With these growing challenges, corporations must maintain a high level of observability to integrate additional capabilities and comprehend the application’s full trajectory. How can you unify your on-prem and cloud infrastructures using an observability approach?
At its core, observability involves gaining insight into each aspect of the application to determine its impact on the end user. However, the telemetry data sets are embedded in each capability function independently, so various departments must manage individual environments. Gregg Ostrowski, the Executive CTO at AppDynamics, shares the fundamentals of building an observability plan, “The strategy from the get-go has to be about aligning resources so that you all have a good understanding of what you’re doing and how it’s impacting the app.” Collaborating with internal departments creates an observability path from the top down, displaying the application’s dependencies and identifying the sources of key performance issues. With observability at the forefront of your hybrid approach, you can develop a strategic plan for transitioning technologies from legacy environments.
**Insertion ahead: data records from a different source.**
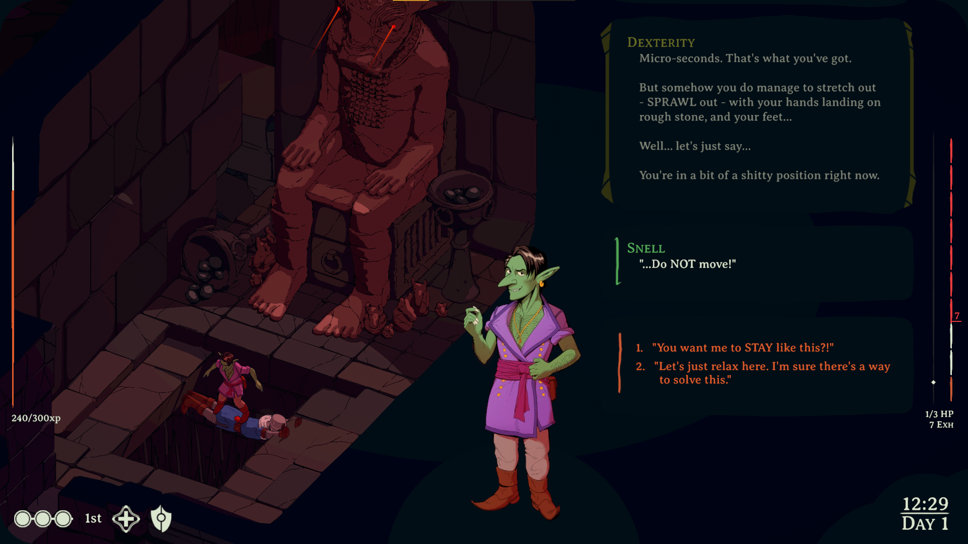 Mais n’allons pas réduire son jeu au simple statut de « Disco Elysium dans le monde de Donjons & Dragons ». D’une part parce que la genèse du projet remonte à avant la sortie du jeu de ZA/UM et d’autre part, bien que le jeu ait été grandement influencé dans son game design, il n’en reprend ni les règles, ni l’univers.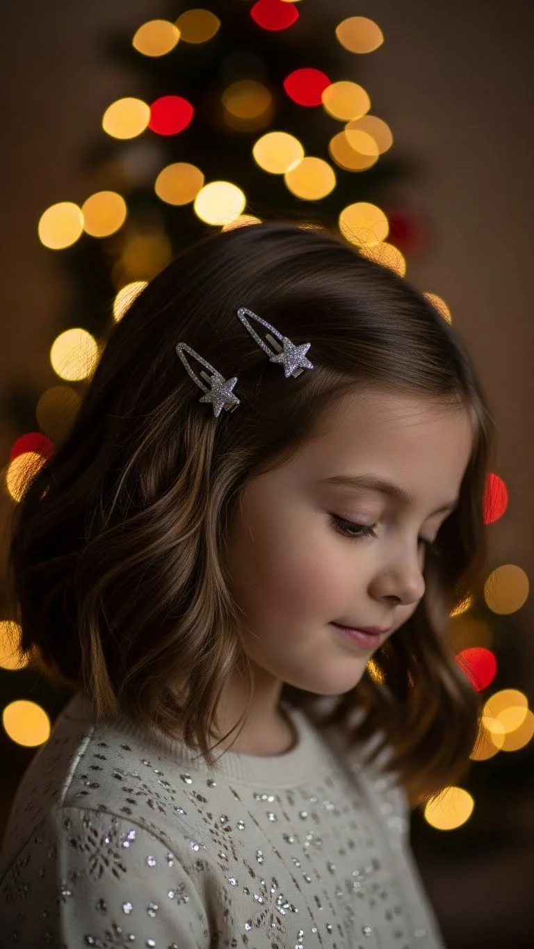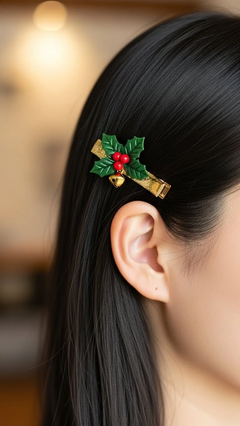 Straight hair can still look festive with one quick touch. Tuck the hair behind one ear. Add a holiday barrette shaped like a star or snowflake. Keep it lightweight for comfort. This style takes seconds and works on any hair length.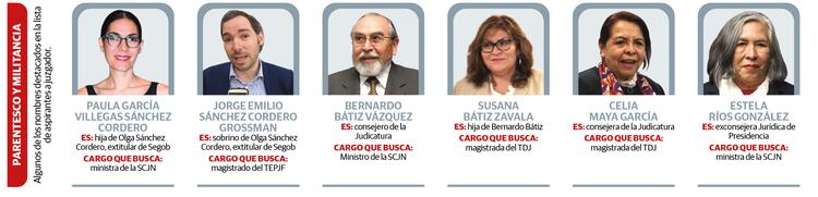 Cercanos al guinda buscan ingresar al PJ; hija de Sánchez Cordero busca ser ministra y su sobrino, magistrado; consejero de la Judicatura quiere ser ministro y su hija, magistrada; también se apuntan Ulises Lara, Celia Maya…; va para jueza, Delia Quiroa, madre buscadora, para “comprobar simulación”; en lista de 18 mil del comité del Ejecutivo, nombres repetidos.
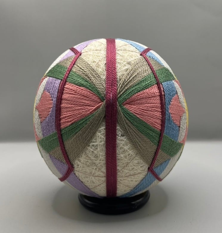 色とりどりの糸を使ったこの作品は、かわいい手毬のデザインが特徴です。円周約36cmのサイズで、日本の熟練した技術を生かし、春を感じさせる華やかな色合いと精緻なかがりが美しく調和しています。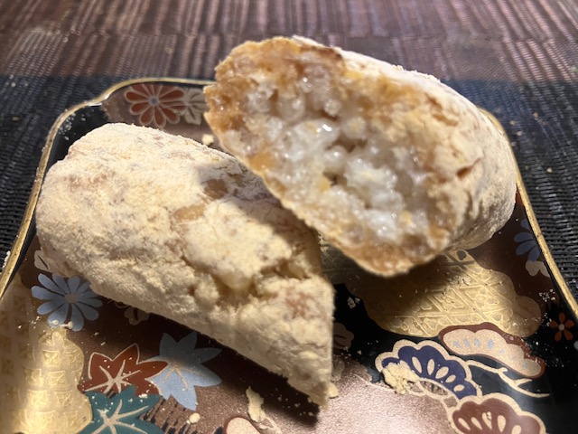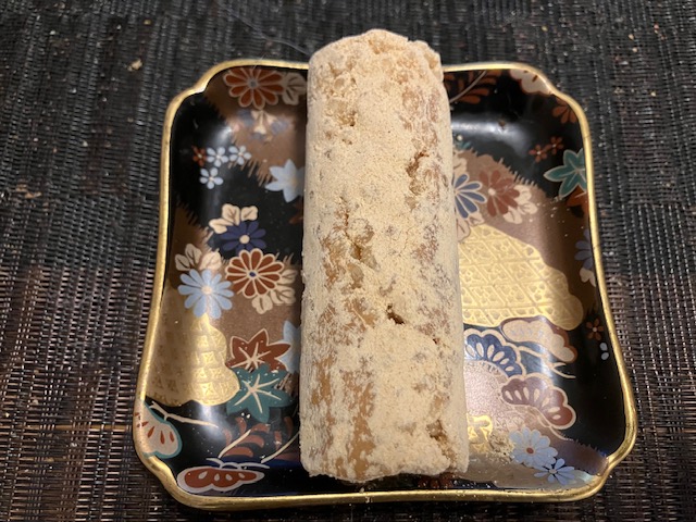 切ってみた感じ。もち米あられを水飴で固め、表面にきな粉をかけたものをオブラートで包んだ水戸郷土銘菓である。食してみると、水飴部分がかなり厚いのだが出来立てで柔らか。きなこの風味と水飴の甘さ、あられの香ばしさが一体となった、素朴で味わい深いお菓子なのだ😄。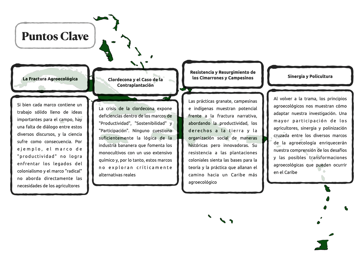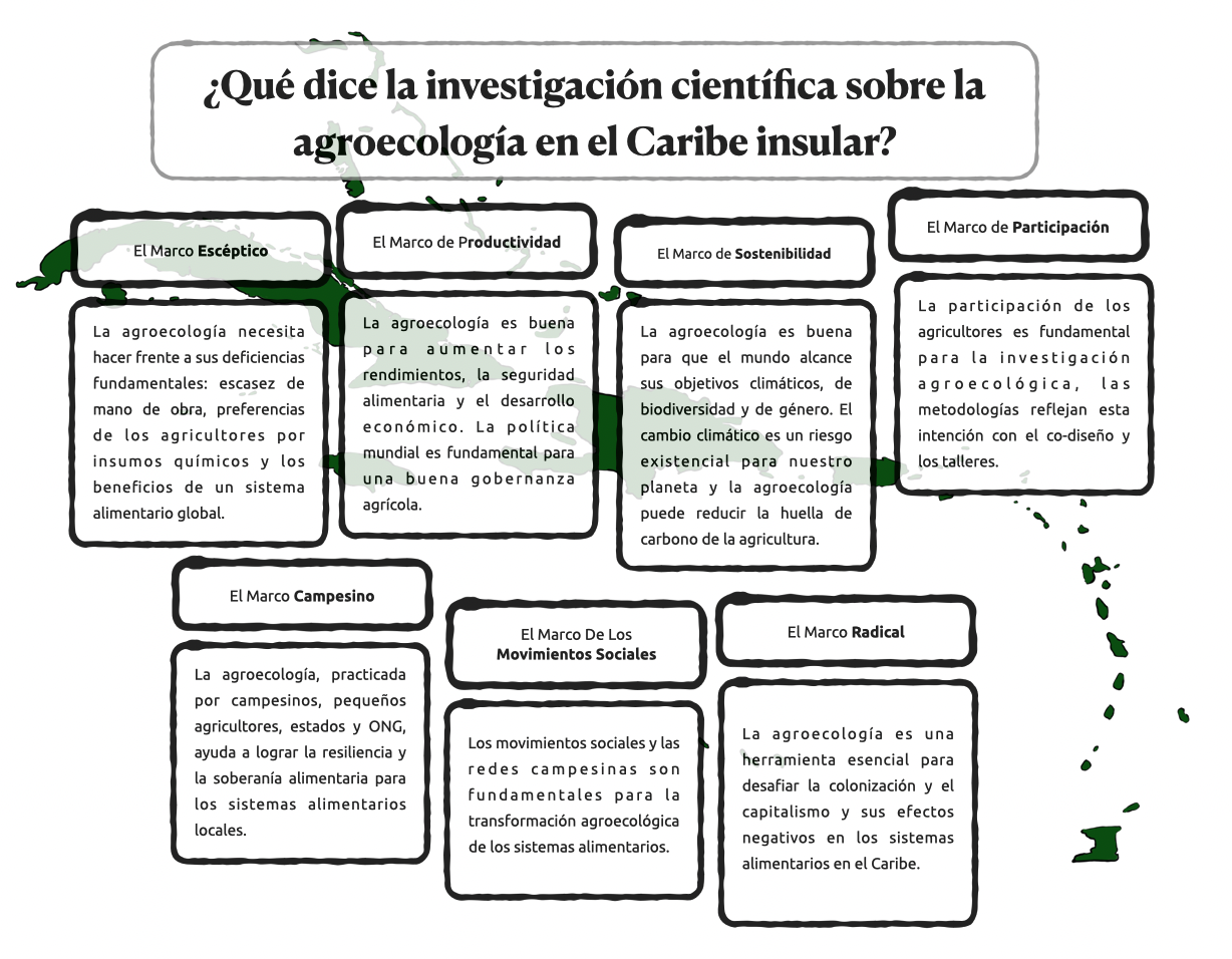 La agroecología, como un conjunto de principios influenciados por la ciencia, los movimientos sociales agrarios y las prácticas agrícolas ecológicas, ha demostrado que es posible diseñar sistemas alimentarios sostenibles y resistentes en todas las latitudes. A pesar de su potencial para reducir la vulnerabilidad a los peligros y los desafíos socioambientales, la agroecología rara vez se ha documentado en el Caribe Insular, una región conocida por su historia de plantaciones coloniales, frecuentes eventos climáticos y luchas políticas. Para entender cómo se enmarcan los discursos en torno a la agroecología en la literatura científica disponible, sintetizamos 128 publicaciones revisadas por pares, que mencionan el Caribe Insular, de la base de datos Scopus. Un análisis del marco reveló siete narrativas distintas, que van desde discursos escépticos y aquellos centrados principalmente en la productividad y la sostenibilidad, hasta aquellos centrados en la participación de los agricultores, los campesinos, los movimientos sociales y las nociones radicales de la agroecología. La fractura entre estos marcos conduce a un fracaso de la ciencia agroecológica para desafiar efectivamente las lógicas de las plantaciones dominantes a expensas de las perspectivas que subrayan el poder de la trama, las prácticas indígenas, el marrón, el intercambio de conocimientos y los movimientos sociales. Recomendamos diferentes policulturas de la investigación agroecológica, volviendo a la trama donde los marcos se integran mejor, y los discursos radicales y las metodologías participativas se polinizan y sinergizan con enfoques técnicos para apoyar las transformaciones agroecológicas de los sistemas alimentarios caribeños.

After deploying an observability strategy, you can incorporate cloud-based technologies gradually into your tech stack. This necessitates identifying an ideal use case, analyzing each application’s capabilities, and conducting tests to observe results. In industries with stringent regulations, security concerns require companies to maintain sensitive data on legacy applications. In this case, focus on the application’s core functions to preserve fundamental business operations. As you expand your infrastructure, aggregate telemetry data from various software to create a centralized platform that allows you to correlate metrics and gain analytical insights from specific use cases and solutions.
Transferring large amounts of data between environments leads to higher egress fees. You can reduce these costs by restructuring polling intervals to shift only the essential data. Telemetry data is customary for cloud environments, so compiling and relocating it ensures you have the necessary information while minimizing data flow.
Egress fees are separate from costs associated with cloud workload. Expanding resources in the cloud without an optimization and management strategy can escalate rates tremendously. It’s pivotal to justify monthly costs per workload by aligning user experience goals and scaling expectations with your ideal margins.
Observability is mandatory in outlining an effective transition into the cloud and developing technical solutions to customer problems.